Multiple times someone said something to the effect of, "wait, did we miss 30 minutes of this movie?", because not only are most of the plot beats not earned, many aren't even introduced. Something will happen that's clearly a resolution to a plot point, except that plot point has not previously appeared in the movie -- you're just supposed to know it was a thing because it's such an obvious, generic element that the film assumes you can fill in the gap mentally.

I'm guessing if you're familiar with the source material it might make some sense. As it is, it's some interesting action scenes surrounded by a plot that frequently feels like it was accidentally pasted in out of order.

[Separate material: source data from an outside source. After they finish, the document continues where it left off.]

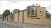 Bygningen er udstyret med store vandspyere hvis inspiration har været historien om hundene med øjne så store som thekopper.
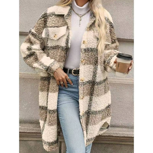 Plaid Single-breasted Detachable Hooded Shacket TOPW1575
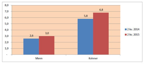 Figur 2: Legemeldt sykefravær 2. kvartal 2014 og 2015 blant kvinner og menn i staten. Prosent.
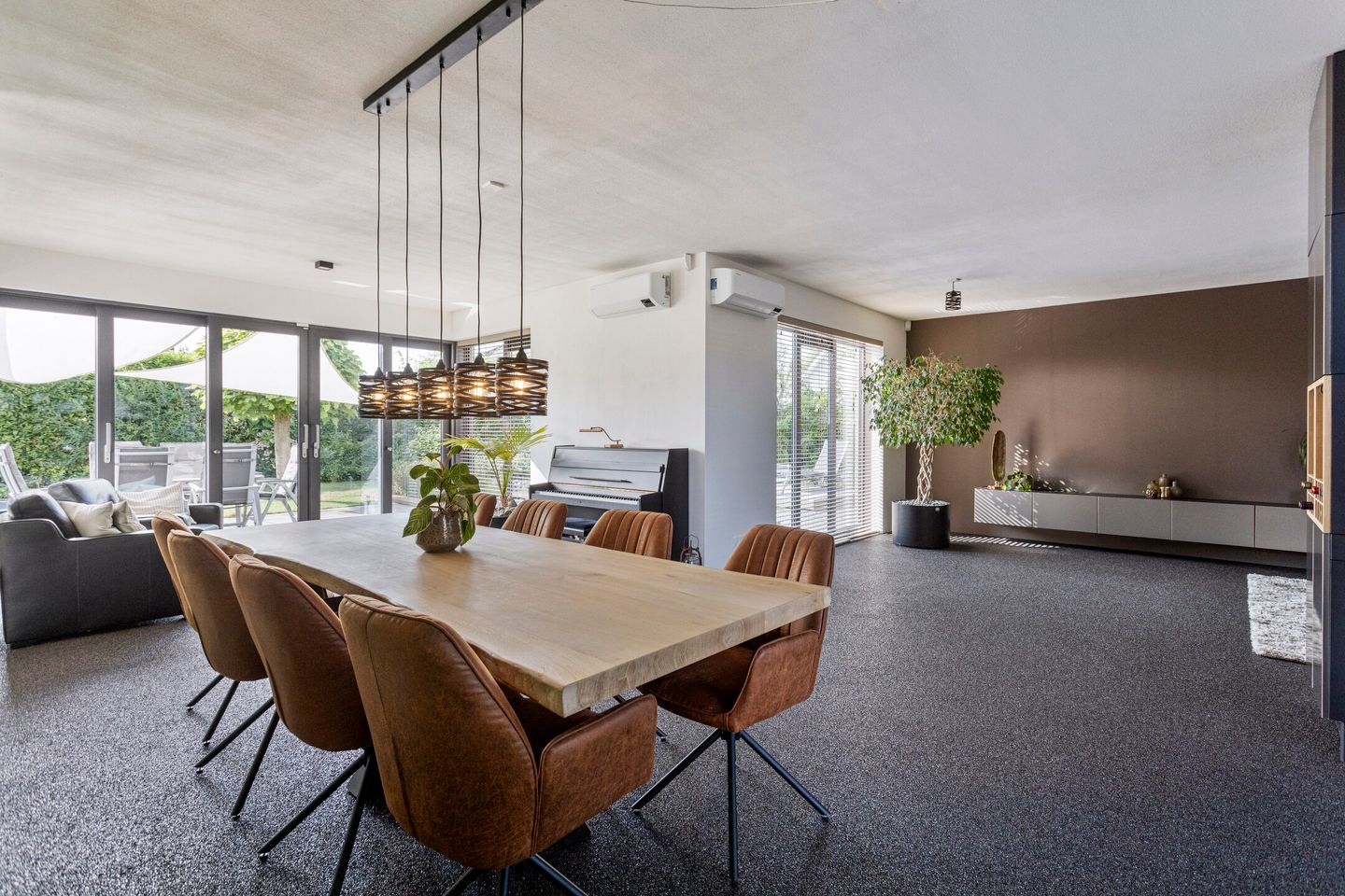 Moderne ruime woonkamer: Uitgevoerd met een stijlvolle siergrindvloer en strakke wanden.

It seems pretty clear to me that the only way to make this really work well would have been either to cut down the source material to fit one movie, or actually commit to 2-3 movies and not try to cram so much into just the one. What we got instead was as if they had scripts for a trilogy and then randomly sampled half of the first two movies and jumbled that together into this, which is a movie that ends after a last second time jump/montage that by all rights should have been the 2/3 point of the story.

So yeah. This is a big ol' mess of a movie. It's not without charm, but I am not surprised it didn't land well and I'm not sure it works as a complete movie for anyone who isn't already bought into the original property it is based on.